Menu - Charcuterie Grilled Radicchio Salad Oven-Roasted Chicken Roasted Root Vegetables Butterscotch Pudding Hot Buttered Spiced Apple Cider

Written by Patti FedDersen   Photography by Michael Coons

Chef Lisa Biondi carves the oven-roasted chicken for her family during a traditional Sunday dinner she prepared for them at The Stonehaus in Westlake Village.

Chef Lisa Biondi carves the oven-roasted chicken for her family during a traditional Sunday dinner she prepared for them at The Stonehaus in Westlake Village.

Sunday dinner. It’s that time-honored tradition when family and friends come together to cap off the weekend with a leisurely meal and camaraderie before the daily grind begins again. As the days grow shorter and the weather cools, what better time to rediscover the custom?

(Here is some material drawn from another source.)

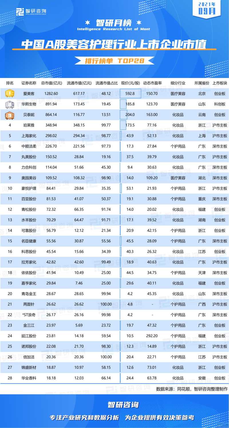 2021年9月中国A股美容护理行业排行榜(附月榜TOP28详单)
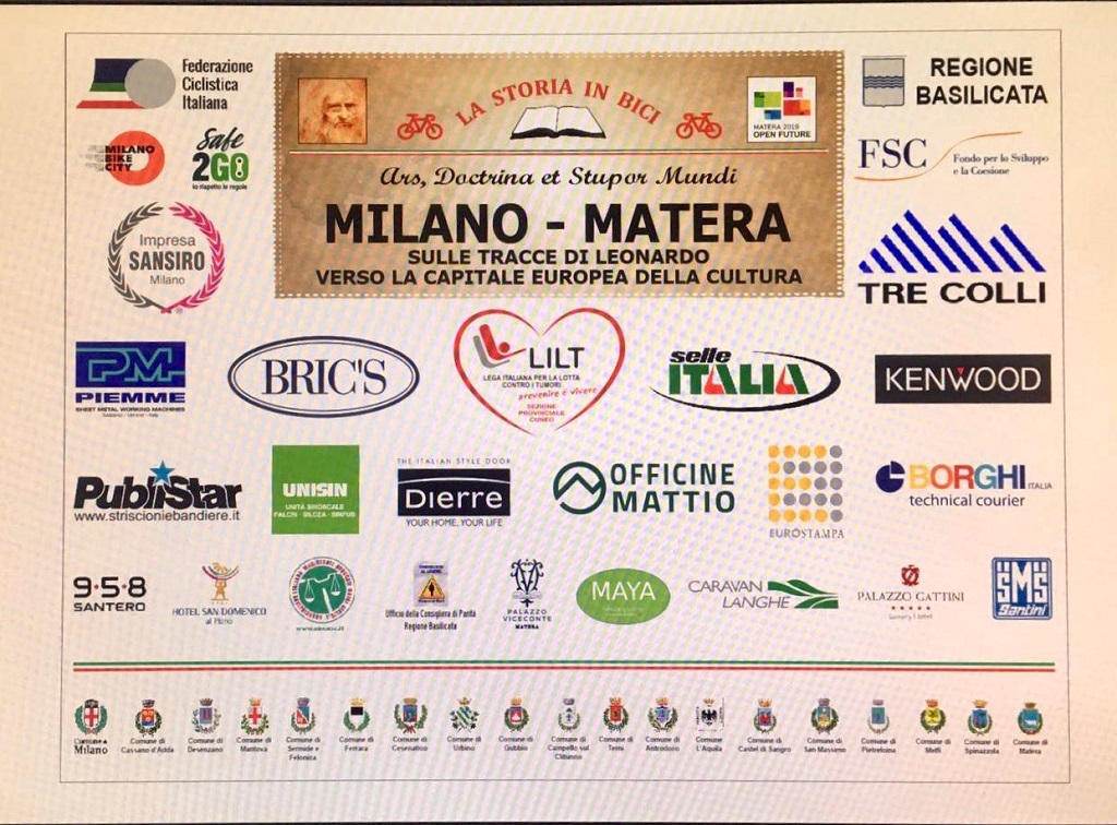 Un viaggio per riscoprire le bellezze del territorio, promuovere l’ambiente, le comunità, la cultura e unire, con il fil rouge del cinquecentesimo anniversario della morte di Leonardo da Vinci, tanti luoghi così diversi ma anche così simili dell’Italia. Una pedalata di circa 140 Km al giorno per sei giorni che si concluderà a Matera, Capitale europea della Cultura 2019.

The meal needn’t be complicated, says Lisa Biondi, executive chef at Mediterraneo Restaurant and Stonehaus Winery in Westlake Village. Instead, it should be casual and served family-style using fresh, seasonal foods thoughtfully prepared. That’s just how it was decades ago when Lisa’s family gathered on Sunday afternoons at her grandparents’ Burbank home.
“It was mostly our friends, who felt like they were part of the family, and my uncles and all of my grandma’s Italian friends,” Lisa reminisces. “We would play bocce ball outside with my uncles and their friends while my grandma and her friends were inside preparing the meal and visiting. I look back and think how fortunate I was to be exposed to such fresh ingredients cooked with such love and care.”
Lisa’s grandmother, Nona, grew her own vegetables and raised chickens to ensure she’d have fresh eggs to make her pasta. Tortellini en Brodo, Torte de Nonce, and zucchini flowers with prosciutto are a few of Lisa’s favorite family dishes.
Her mother, Marie, fried chicken while her father, Piero, chef and owner of Piero’s Italian Restaurant in Burbank, made meat patties with ricotta stewed in fresh tomato sauce with bacon and peas. And her Uncle Olinto, a baker by profession, made “the best bread and delco cookies,” the familiar folded pastry with a fruit spread filling.
Surrounded by so much enthusiasm in the kitchen and the delicious dishes that emerged from it, Lisa was inspired to cook at a young age. She took notes on the backs of envelopes as she watched her grandmother because Nona never used written recipes. Later, while earning her bachelor’s degree in business, she worked in her father’s restaurant and found herself spending more and more time in the kitchen.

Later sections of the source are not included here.